MATERIAL PROVIDED =
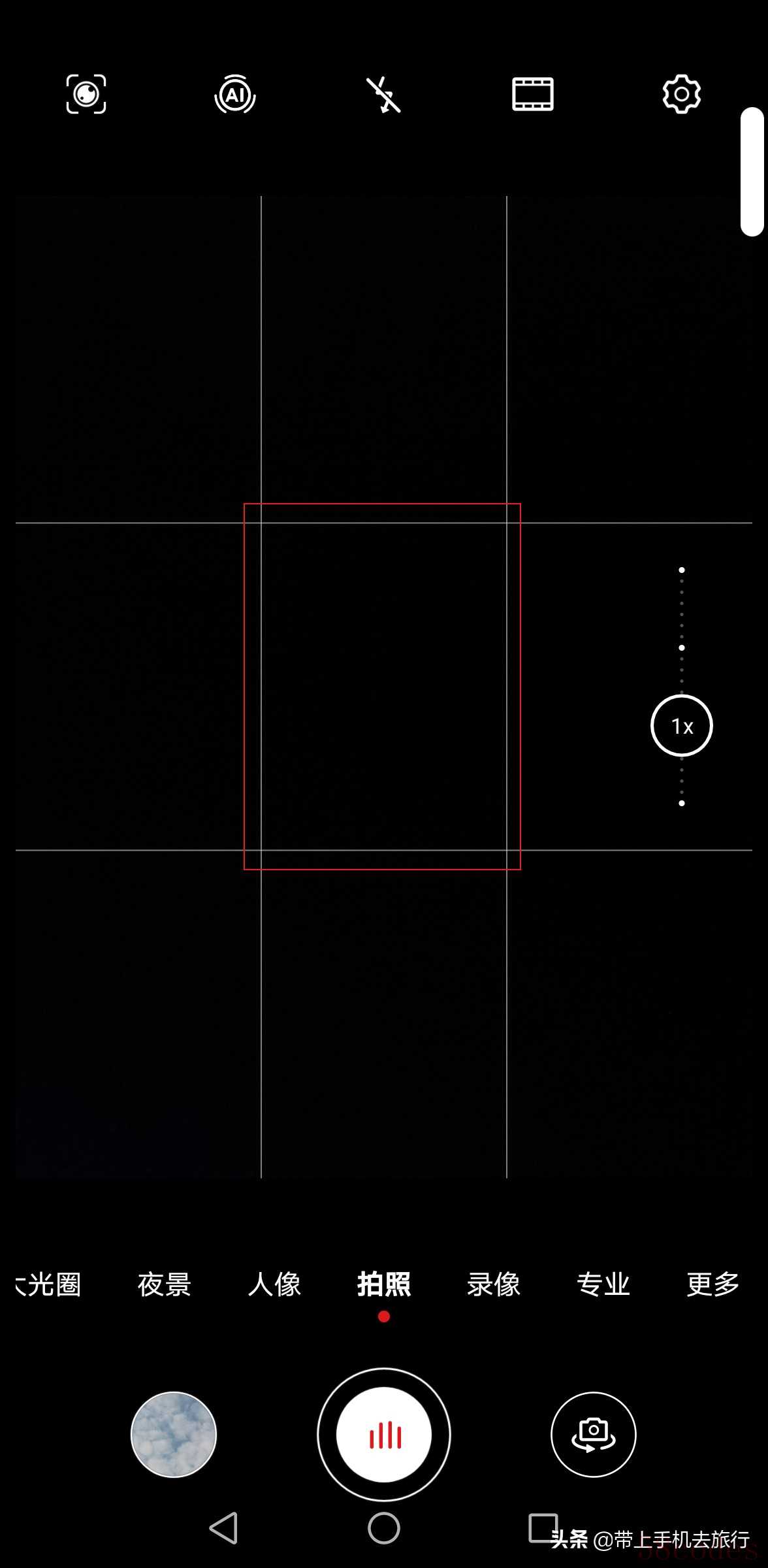 《华为手机“拍照”模式界面截屏》(默认自动对焦区域示意图)
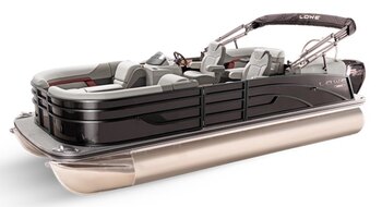 The SS pontoon features a stylish fence with optional two-tone graphics. The interior has premium fabrics with 4 complimentary vinyl colors and a debossed quilted pattern in the storage alcoves. Capped off by comfortable helm chairs for the captain and first mate.
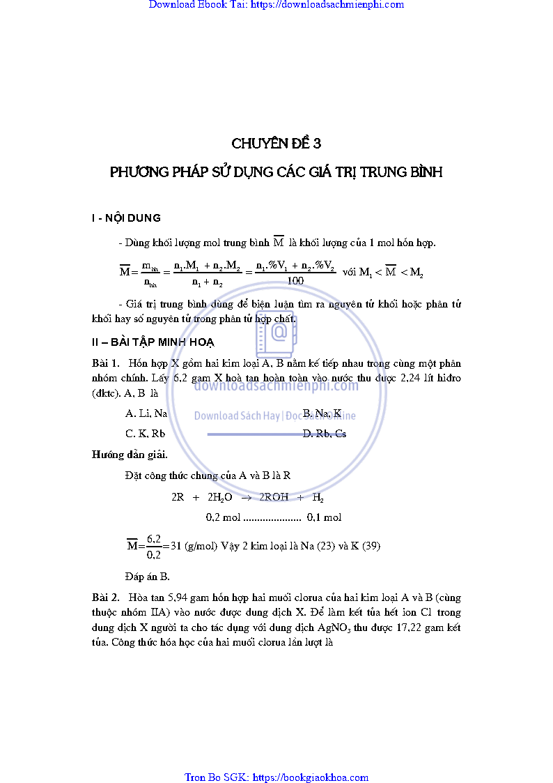- CHUYÊN ĐỀ 3. PHƯƠNG PHÁP SỬ DỤNG CÁC GIÁ TRỊ TRUNG BÌNH

PROBLEM STATEMENT =
With pictures excluded, the material is to be written out exactly as given.

PROBLEM SOLUTION =
 《华为手机“拍照”模式界面截屏》(默认自动对焦区域示意图)
 The SS pontoon features a stylish fence with optional two-tone graphics. The interior has premium fabrics with 4 complimentary vinyl colors and a debossed quilted pattern in the storage alcoves. Capped off by comfortable helm chairs for the captain and first mate.
- CHUYÊN ĐỀ 3. PHƯƠNG PHÁP SỬ DỤNG CÁC GIÁ TRỊ TRUNG BÌNH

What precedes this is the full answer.